The bill directs the Health Resources & Services Administration (HRSA) to arm healthcare professionals with fibroid information. This material would highlight that Women of Color have an elevated risk for fibroids and should include information on all available treatment options.

“We always say that your relationship with your physician is a partnership. You are both working in partnership to come up with the best course of treatment for your care.”

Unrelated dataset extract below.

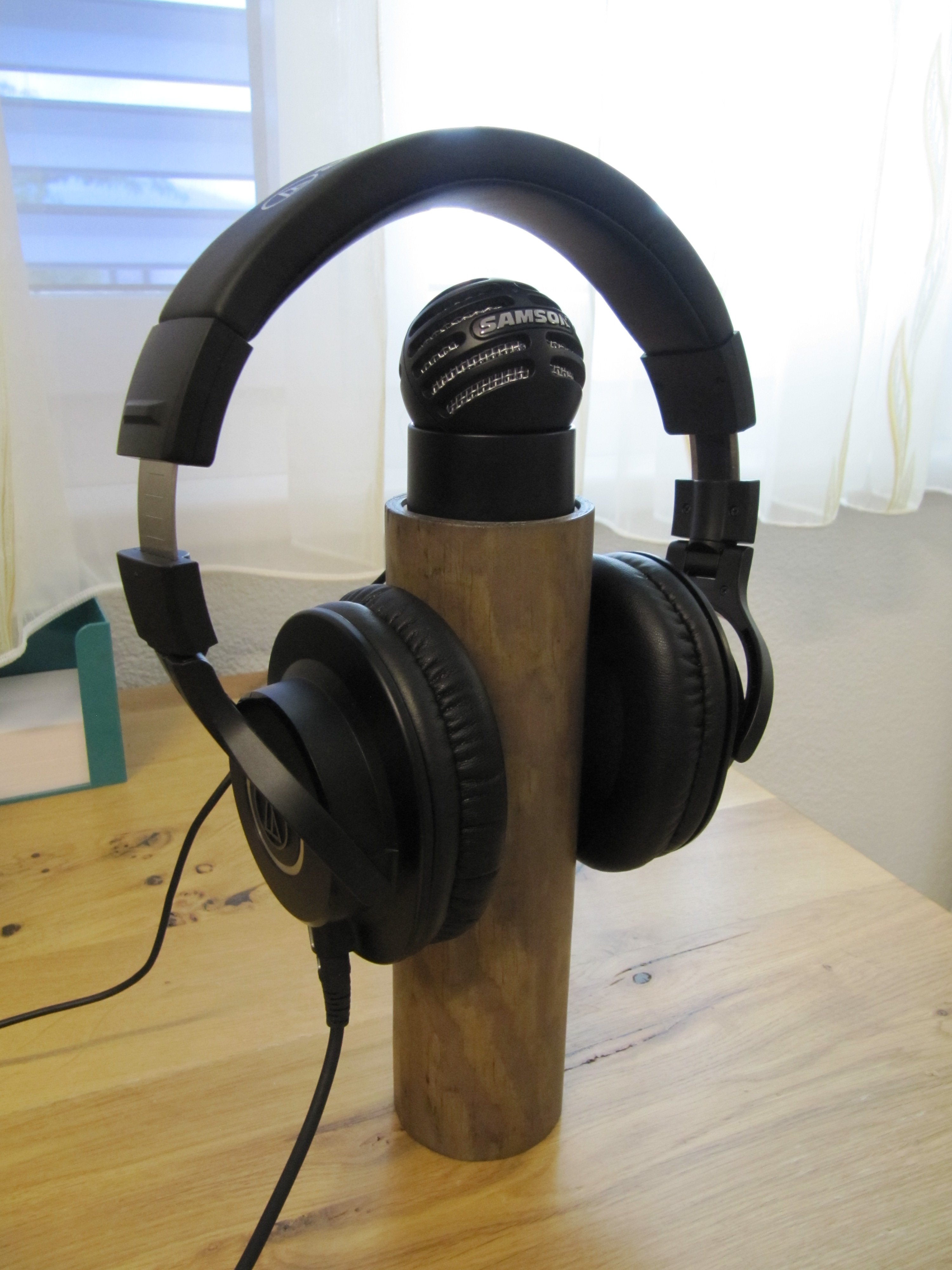 Das ist ein Stück Holz das man so rund abgedreht im Bauhaus kaufen kann. Beim Schreiner hab ich oben eine kleine Vertiefung drehen lassen, damit der Mic etwas im Holz sitzt. Dann noch lasiert und ein Klarlack drüber.

The White Dress Project has a director.

We hear from our community that hysterectomy is the only treatment option that they have. That should never happen. There are more treatment options available than just hysterectomy, even though there are not a lot of options available.

That is another reason we want to give our community accurate information. You only told me about a hysterectomy, even though they can take it to their doctor and say all of these treatment options exist.

A lot of women mention that they are presented with only one option, and that is hysterectomy. It is worse when it comes to Black women.

Black women are often told that hysterectomy is the only option they have. That is a challenge that is faced by that minority community as well, in self-advocacy and empowering our community to become their own advocates for their health.

We have this series called the Dialogue with the Doctors. It’s a discussion among healthcare professionals in the field. One of the topics that gets a lot of interest is treatment options. We bring in doctors treating fibroids to arm our community with that information.

Sometimes you go to the doctor and you are so anxious you are afraid. You forget what to ask when you are worried.

“Your relationship with your doctor is a partnership. You are working together to come up with the best course of treatment for your care. We respect their knowledge. Your doctor’s expertise in the clinical aspect should be held in the same regard as your own expertise in the body.”

We host these educational events. We have an EmPOWERment Experience coming up in July [2022] in Washington, DC. We’re bringing doctors and patient advocates because their stories of our community are so impactful.

This is a volunteer-run organization. If people want to volunteer, they can go to our website. There’s a page called “Get Involved.” If they want to share their stories, reach out to us. We love posting stories on our page.

Also, reach out to your congressperson. We have that information on our website.